Your objective: Look below for the line containing "Au cours des". Write out that line and the rest through the last one, exactly as they appear, but without pictures.

[Saved entries]
☆ ☆ ☆ ☆ ☆

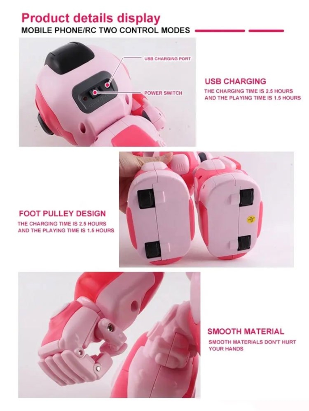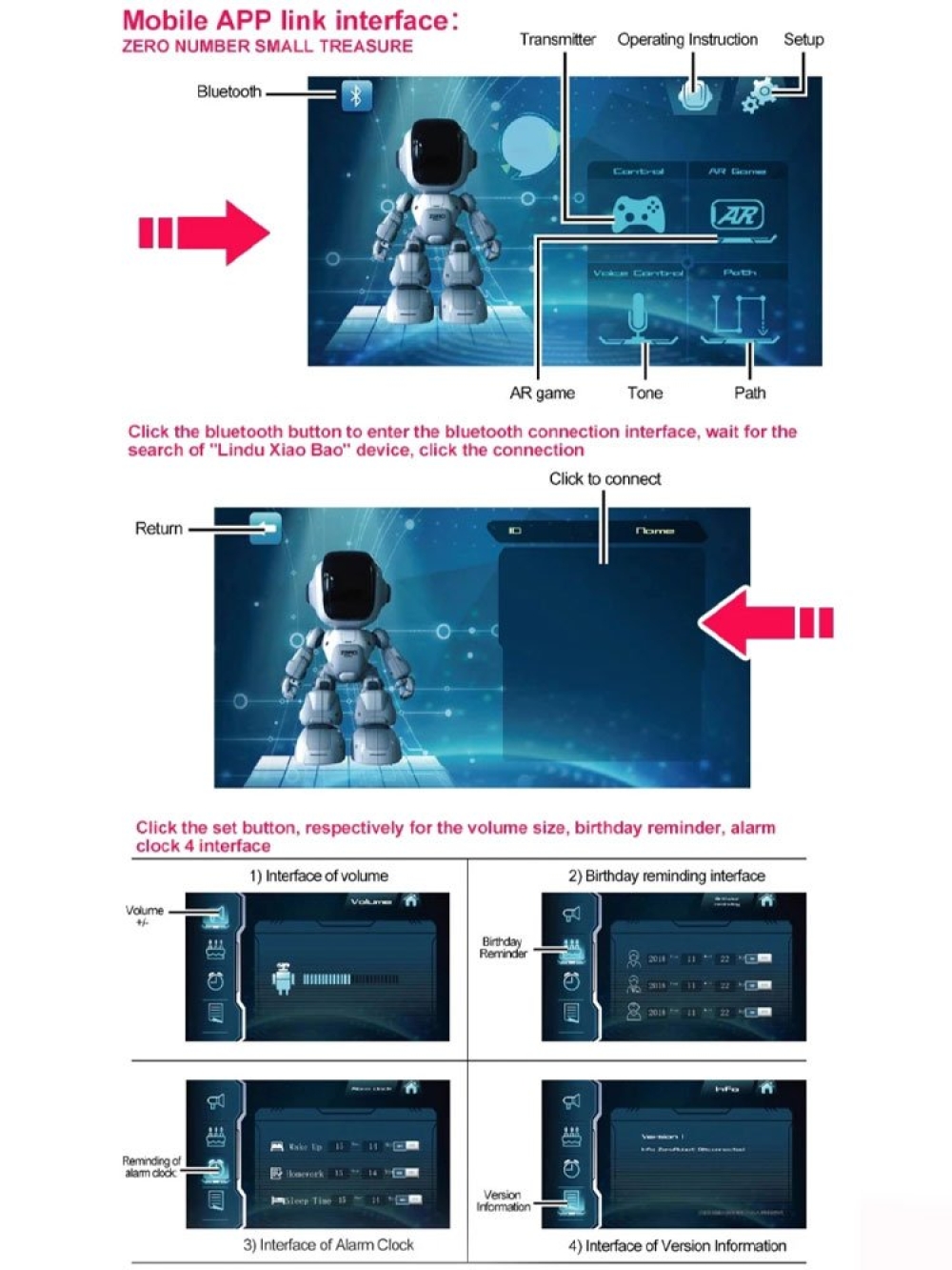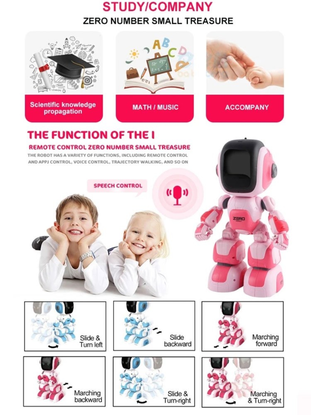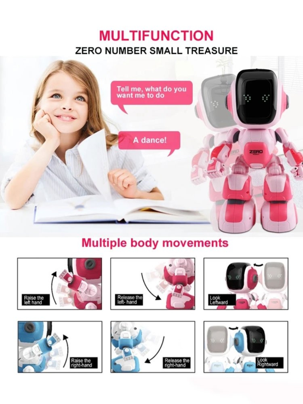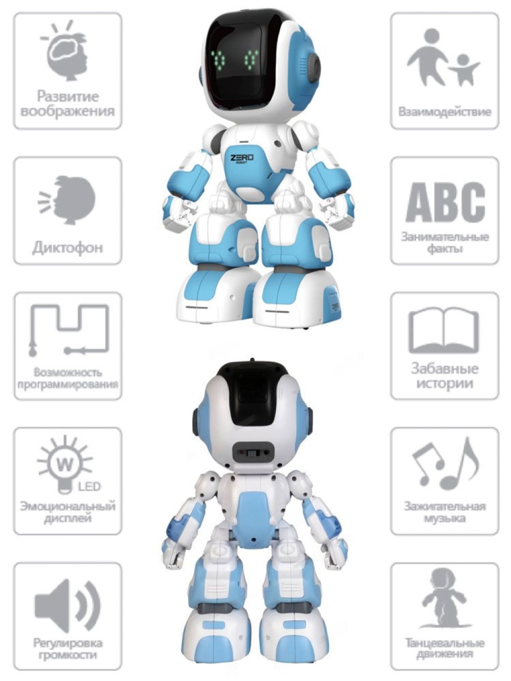 Особенности: Робот имеет множество функций, он может танцевать, петь, играть в игры, преподавать английский язык и рассказывать истории. Робот имеет функцию голосового управления Вы можете управлять роботом с помощью приложения. Дистанция управления до 20 метров.
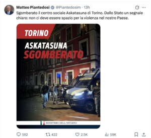 Di segno opposto la posizione del ministro dell’Interno Matteo Piantedosi, che su X, incisivo e sintetico, ha scritto: “Sgomberato il centro sociale Askatasuna di Torino. Dallo Stato un segnale chiaro: non ci deve essere spazio per la violenza nel nostro Paese”.
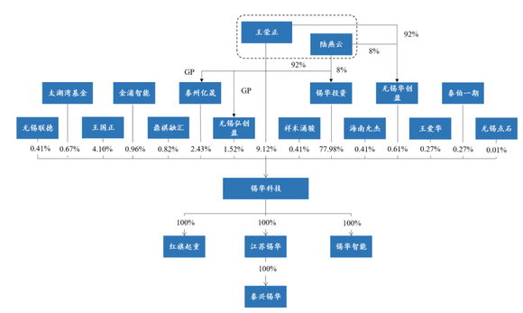 目前,王荣正、陆燕云夫妇为锡华科技共同实际控制人,两人通过直接控制锡华投资间接持有公司77.98%的股权,同时王荣正还直接持有公司9.12%股权,并通过担任泰州亿晟、无锡弘创盈、无锡华创盈执行事务合伙人控制公司4.56%股权对应的表决权。因此,两人合计控制公司91.66%股权对应的表决权。
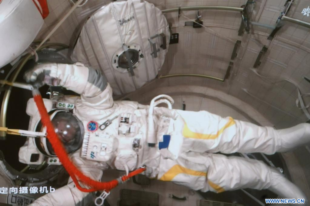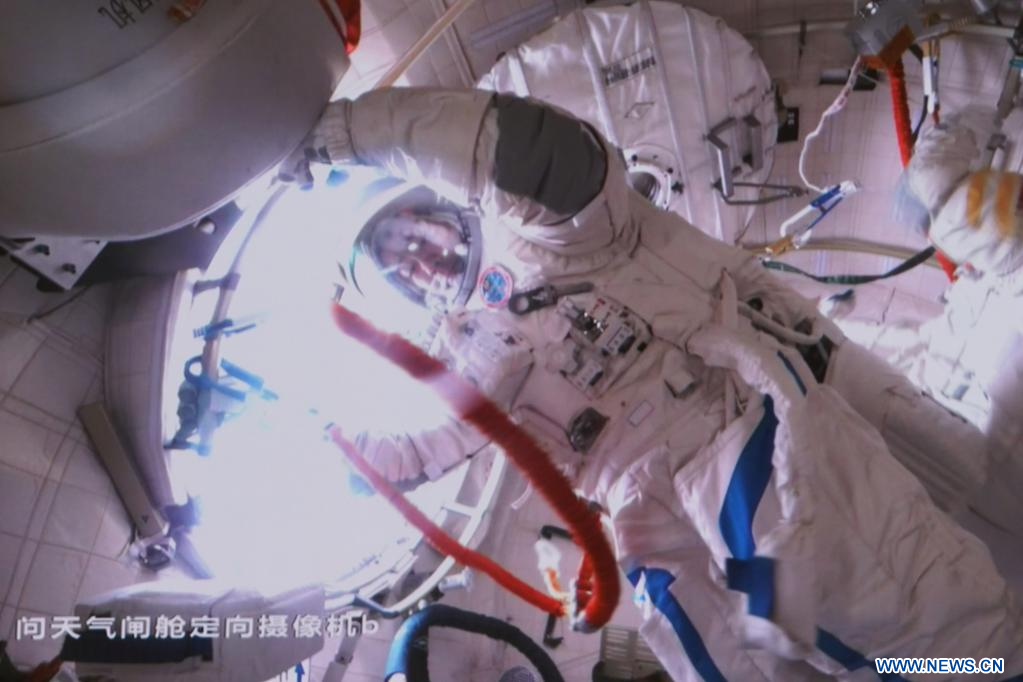 Au cours des activités extravéhiculaires d'une durée d'environ cinq heures et demie, ils ont installé un "pont" hors de la cabine afin de relier le module central au laboratoire Wentian, et au laboratoire Mengtian, tandis que M. Cai a effectué la première sortie dans l'espace à travers le pont.
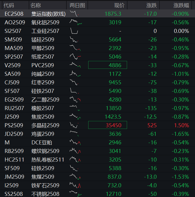 国内期货主力合约多数下跌。合成橡胶跌超2%,20号胶、SC原油、集运欧线跌近2%。涨幅方面,棉花涨0.44%。

☆ ☆ ☆ ☆ ☆

Answer for the task:
 Au cours des activités extravéhiculaires d'une durée d'environ cinq heures et demie, ils ont installé un "pont" hors de la cabine afin de relier le module central au laboratoire Wentian, et au laboratoire Mengtian, tandis que M. Cai a effectué la première sortie dans l'espace à travers le pont.
 国内期货主力合约多数下跌。合成橡胶跌超2%,20号胶、SC原油、集运欧线跌近2%。涨幅方面,棉花涨0.44%。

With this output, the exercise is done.